Lloyd Cowan

Personal information
- Nationality: British (English)
- Born: 8 July 1962 Hackney, London, England
- Died: 11 January 2021 (aged 58)

Sport
- Sport: Athletics
- Event: hurdles
- Club: Shaftesbury Barnet Harriers

= Lloyd Cowan =

British athlete and coach (1962–2021)

Lloyd Cowan (8 July 1962 – 11 January 2021) was a British track and field athlete and coach.

== Biography ==
=== Athletics ===
Cowan specialised in the 110 and 400 metres hurdles, but was better known as a coach.

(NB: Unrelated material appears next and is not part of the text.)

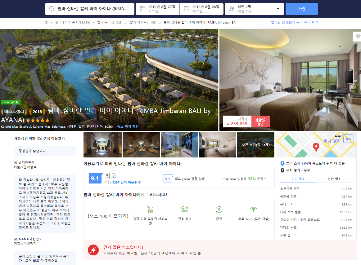 해외 여행에 꼭 필요한 숙박정보로 호텔, 리조트의 가격, 사진, 위치, 후기 등을

Cowan was selected for the 1984 Los Angeles Olympics, but he could not go because of illness. He did however represent England in the 110 metres hurdles event, at the 1994 Commonwealth Games in Victoria, Canada

Cowan finished third on three occasions at the AAA Championships in 1994, 1995 and 1999.

=== Coaching ===
He retired from athletics at the age of 39 and went on to coach 18 athletes including; Christine Ohuruogu at Newham and Essex Beagles A.C., the former 400 metres Olympic, World and Commonwealth Champion; Simeon Williamson, the former British 100 metres champion; and Andy Turner, the former European, and Commonwealth 110 metres hurdles champion.

He was appointed MBE in the 2015 Birthday Honours. On 11 January 2021, it was announced that Cowan had died at the age of 58 from COVID complications.